Digital Detox ist in Mode. Die Menschen wollen sich dem Stress entziehen, der ihnen die Technologie bereitet. Fühlen Sie sich auch gestresst?

Ich bin angespannter, wenn ich versuche, Digital Detox zu betreiben - etwa im Urlaub völlig offline zu sein. Ein verrücktes Beispiel ist die Hochzeitsreise mit meinem Partner. Ich habe versucht, es ruhig anzugehen und auf mein Smartphone zu verzichten. Ich musste eine Reise mit Dingen planen, ohne Technologie zu benötigen. Das war ein Stress. Man muss Leute um Hilfe fragen. Und die sehen einen an, als wäre man verrückt. Ich verstehe, dass die Menschen gestresst sind. Deshalb müssen wir einen Weg finden, wie wir uns wohlfühlen können, auch wenn wir digital vernetzt sind. Für den Urlaub habe ich seither einen eigenen reduzierten Modus eingerichtet.
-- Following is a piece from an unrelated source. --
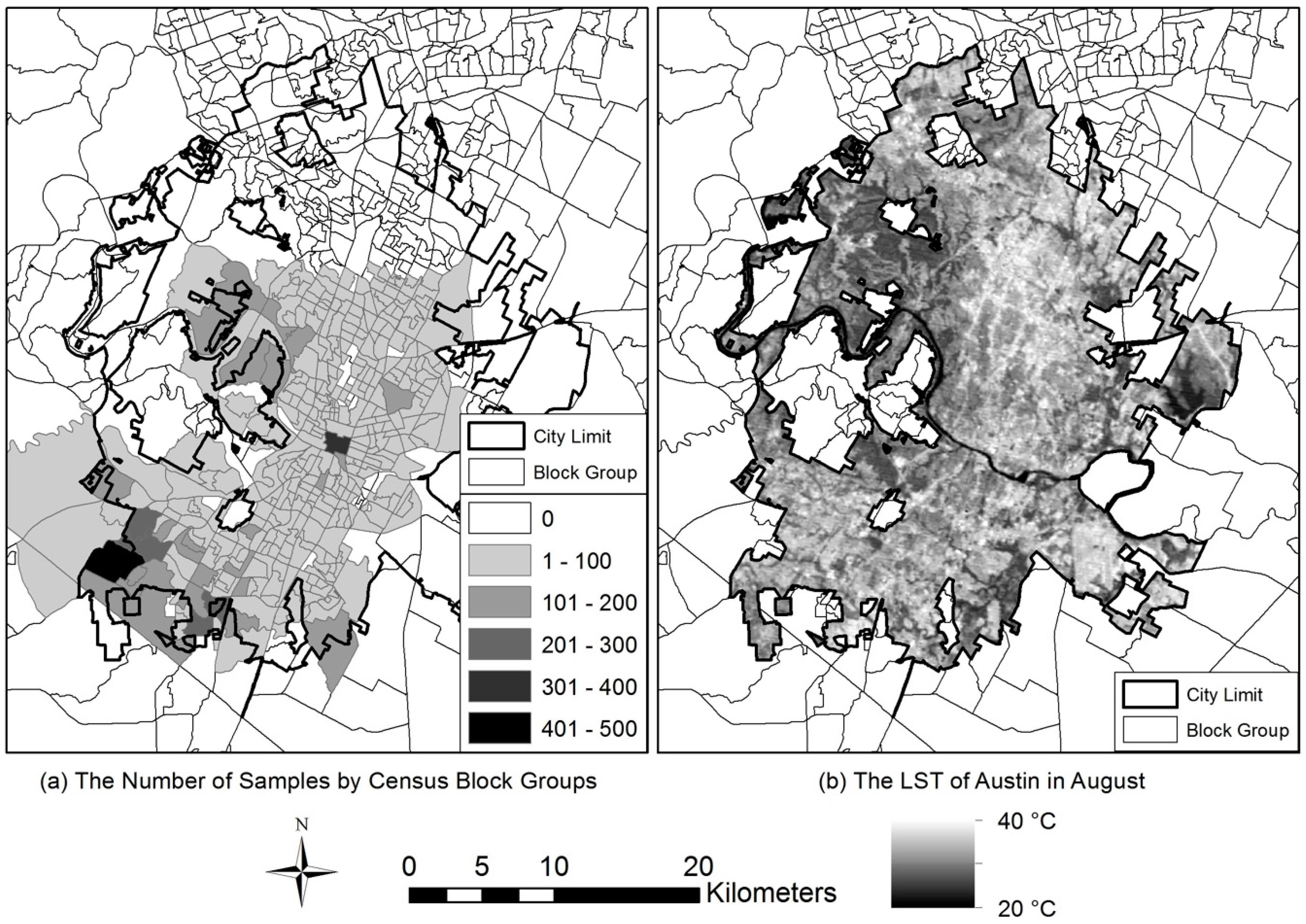 We initially collected 31,670 residential parcel data in Travis County from the Multiple Listing Service (MLS) data provided by the Austin Board of Realtors®. From the full dataset, this research eventually selected 15,862 samples of single-family homes after excluding 15,808 samples. Those samples were excluded because they did not show geo-reference points to locate the neighborhood in geographic information systems (GIS) analysis and were listed as multi-family properties. Figure 1 shows: (a) the distribution of the final sample at the census block groups, and (b) the distribution of LST on the research area location in August. The samples were distributed over most urban areas in Austin. The housing density of the study area is 484.06 housing units per one square kilometer, and it is significantly higher than the average density (304.84) of other metropolitan areas in the U.S. The percentage of green space is 14.2% (109.65 km2), and it is 0.12 km2 per 1000 people. The LST varies within the study area by built and natural environments, and it follows the annual temperature range.

Wo stehen wir in zehn Jahren?

Ich denke, wir sind schon da. In zehn Jahren brauchen wir nicht mehr darüber sprechen. Es ist ein Teil von uns. Doch eines bereitet mir Sorge: Wer wird die Menschen in 10, 20 oder 30 Jahren lehren, wer wir einmal waren? Denn wir verändern uns rasant. Das Fernsehen hat Generationen verändert. Davor hat das Radio Generationen verändert. Doch das waren physische Dinge. Digitale Technik verändert exponentiell schneller. Ich hoffe, dass wir uns in 30 Jahren noch der Geschichte des Menschen besinnen und dessen Werte und wie wir uns entwickelt haben.

Wie sieht das Bild der Zukunft aus? Positiv oder negativ?

Ich sage weder gut noch schlecht. Denn wir haben nur eine Aufgabe im Leben - zu sterben. Alles andere sind Entscheidungen. Das Einzige, das ich tun muss, ist, sicherzugehen, dass ich die richtigen Entscheidungen zur richtigen Zeit treffe. Manchmal verwende ich dafür eben Apps. Es stresst mich, wenn sich Menschen Sorgen machen. Ich verstehe sie. Doch sie sollten beginnen, wieder zu leben. Jeder wartet nur auf die Zukunft. Die Menschen sind richtig einverleibt von ihr. Doch sie passiert jetzt - hier und heute.

Sind Sie heute mehr Mensch oder Maschine?

Ich denke, ich bin wie jeder andere Mensch auch. Nur kenne ich die Grenzen. Ich kann ein Supermensch sein oder eine Supermaschine. Auf jeden Fall bin ich heute mehr Mensch als die ältere Version von mir. Ich denke, es gibt keinen Unterschied zwischen uns, außer dass ich die Nase vorn habe.

Zur Person~Chris Dancy ist der wohl vernetzteste Mensch auf Erden. Der 51-jährige New Yorker tourt als Vortragender rund um die Welt, hält Workshops auch an Universitäten. Beim "Fifteen Seconds Festival 2019" in Graz fungierte er als Speaker. In seinem Buch "Don’t Unplug" zeigt er auf, wie Technologie sein Leben gerettet hat.